> [INSTRUCTIONS TO FOLLOW]
Everything from the line holding "Die Freiwilligen Feuerwehren" through the last line of the records should be repeated word for word, and pictures should be omitted.

> [RECORDS SUPPLIED]
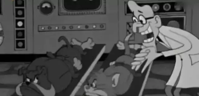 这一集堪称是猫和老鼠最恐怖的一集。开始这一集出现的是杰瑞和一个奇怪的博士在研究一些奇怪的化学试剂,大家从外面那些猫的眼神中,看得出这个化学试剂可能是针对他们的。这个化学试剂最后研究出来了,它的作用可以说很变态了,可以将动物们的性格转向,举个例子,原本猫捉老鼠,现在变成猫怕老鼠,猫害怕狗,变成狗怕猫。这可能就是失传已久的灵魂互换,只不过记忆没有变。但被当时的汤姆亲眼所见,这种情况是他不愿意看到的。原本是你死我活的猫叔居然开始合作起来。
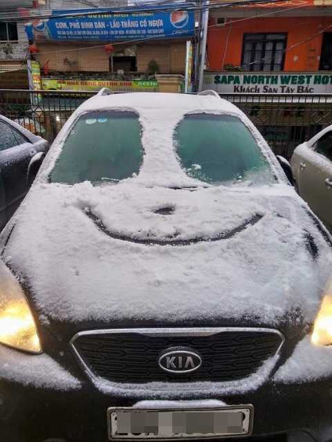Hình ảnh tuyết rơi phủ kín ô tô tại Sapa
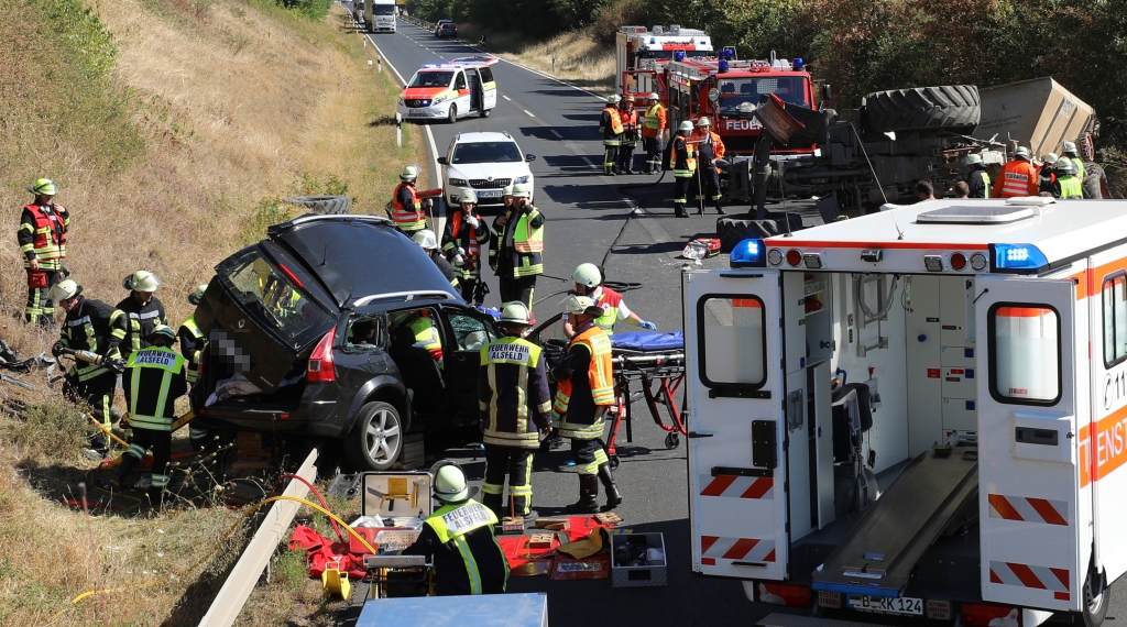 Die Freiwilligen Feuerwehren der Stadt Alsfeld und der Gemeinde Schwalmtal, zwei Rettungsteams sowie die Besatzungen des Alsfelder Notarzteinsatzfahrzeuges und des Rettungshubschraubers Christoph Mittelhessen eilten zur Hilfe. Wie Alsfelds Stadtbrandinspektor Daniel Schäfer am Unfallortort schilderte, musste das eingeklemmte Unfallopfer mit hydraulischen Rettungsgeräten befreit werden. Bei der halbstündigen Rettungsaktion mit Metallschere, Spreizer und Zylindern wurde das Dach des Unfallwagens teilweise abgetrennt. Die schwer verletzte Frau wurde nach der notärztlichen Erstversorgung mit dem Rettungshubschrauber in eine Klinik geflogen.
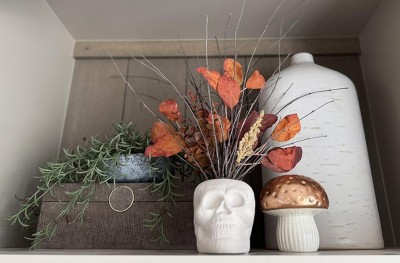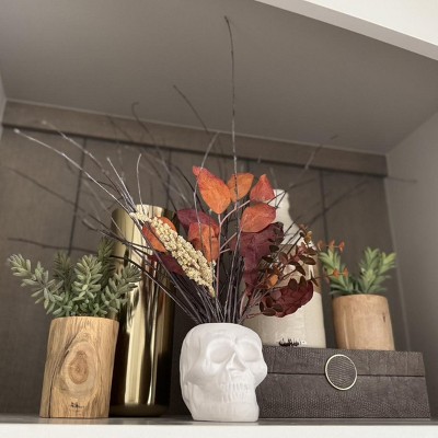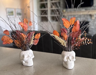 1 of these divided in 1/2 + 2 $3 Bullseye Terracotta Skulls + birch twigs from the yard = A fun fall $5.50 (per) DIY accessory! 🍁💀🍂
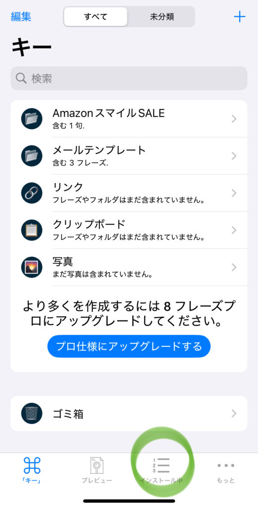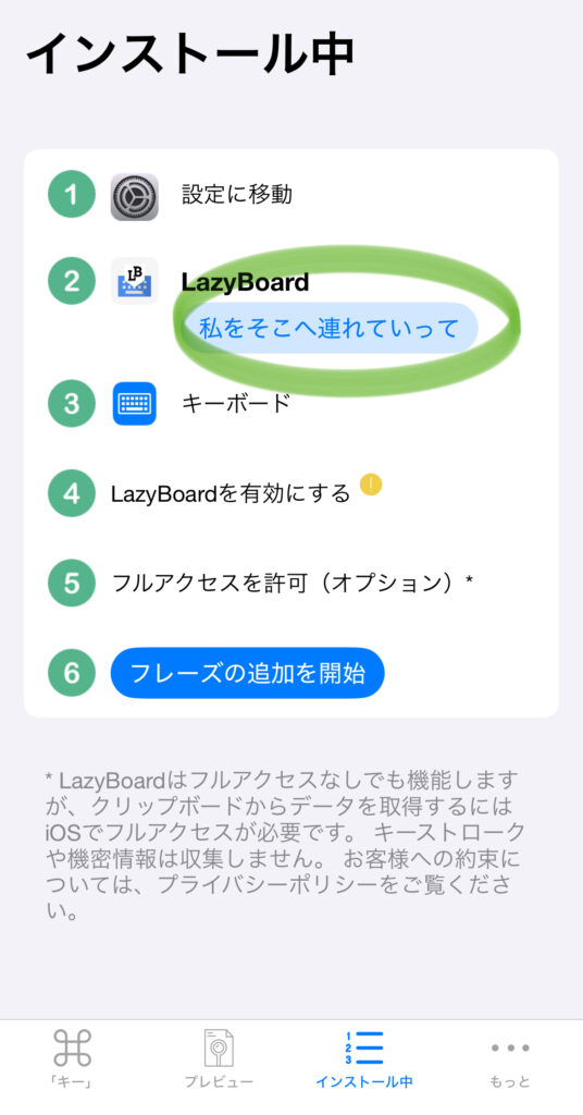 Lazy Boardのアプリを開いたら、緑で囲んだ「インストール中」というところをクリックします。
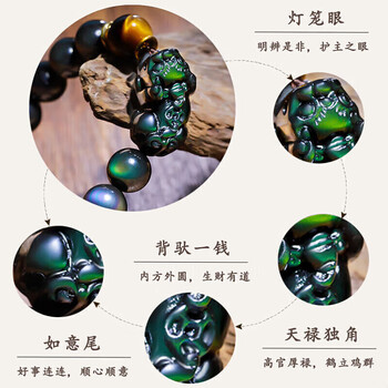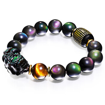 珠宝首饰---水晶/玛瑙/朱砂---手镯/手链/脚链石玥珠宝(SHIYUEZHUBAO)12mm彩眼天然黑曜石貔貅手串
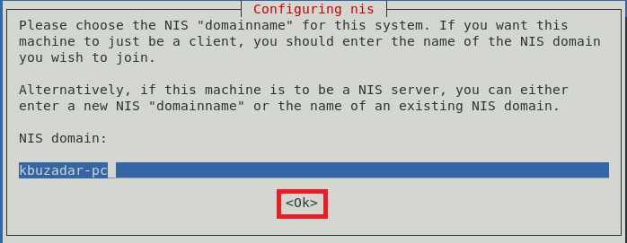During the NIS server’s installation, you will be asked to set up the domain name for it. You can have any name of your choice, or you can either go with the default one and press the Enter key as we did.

> [WRITTEN SOLUTION]
 Die Freiwilligen Feuerwehren der Stadt Alsfeld und der Gemeinde Schwalmtal, zwei Rettungsteams sowie die Besatzungen des Alsfelder Notarzteinsatzfahrzeuges und des Rettungshubschraubers Christoph Mittelhessen eilten zur Hilfe. Wie Alsfelds Stadtbrandinspektor Daniel Schäfer am Unfallortort schilderte, musste das eingeklemmte Unfallopfer mit hydraulischen Rettungsgeräten befreit werden. Bei der halbstündigen Rettungsaktion mit Metallschere, Spreizer und Zylindern wurde das Dach des Unfallwagens teilweise abgetrennt. Die schwer verletzte Frau wurde nach der notärztlichen Erstversorgung mit dem Rettungshubschrauber in eine Klinik geflogen.
 1 of these divided in 1/2 + 2 $3 Bullseye Terracotta Skulls + birch twigs from the yard = A fun fall $5.50 (per) DIY accessory! 🍁💀🍂
 Lazy Boardのアプリを開いたら、緑で囲んだ「インストール中」というところをクリックします。
 珠宝首饰---水晶/玛瑙/朱砂---手镯/手链/脚链石玥珠宝(SHIYUEZHUBAO)12mm彩眼天然黑曜石貔貅手串
During the NIS server’s installation, you will be asked to set up the domain name for it. You can have any name of your choice, or you can either go with the default one and press the Enter key as we did.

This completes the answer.